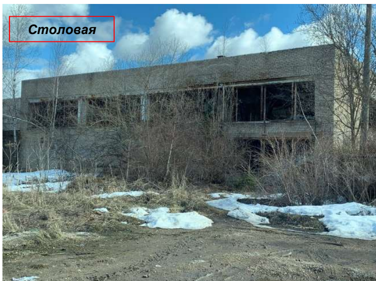
Фото объекта Лот №2
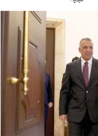
كاظمي "بليز هيلب مي"

#الولد قام بذلك لجذب انتباه المتابعين وتحقيق أكثر ما يمكن من المشاهدات، والحكومة ظنت أنها مناشدة، ولا أدري إن كانت الحكومة تريد هي أيضاً تحقيق مشاهدات والانتخاط في السوشيال ميديا.

··········

Transcribe the material exactly, keeping every word and none of the pictures.

◆ **Answer for the task**
Фото объекта Лот №2
كاظمي "بليز هيلب مي"

#الولد قام بذلك لجذب انتباه المتابعين وتحقيق أكثر ما يمكن من المشاهدات، والحكومة ظنت أنها مناشدة، ولا أدري إن كانت الحكومة تريد هي أيضاً تحقيق مشاهدات والانتخاط في السوشيال ميديا.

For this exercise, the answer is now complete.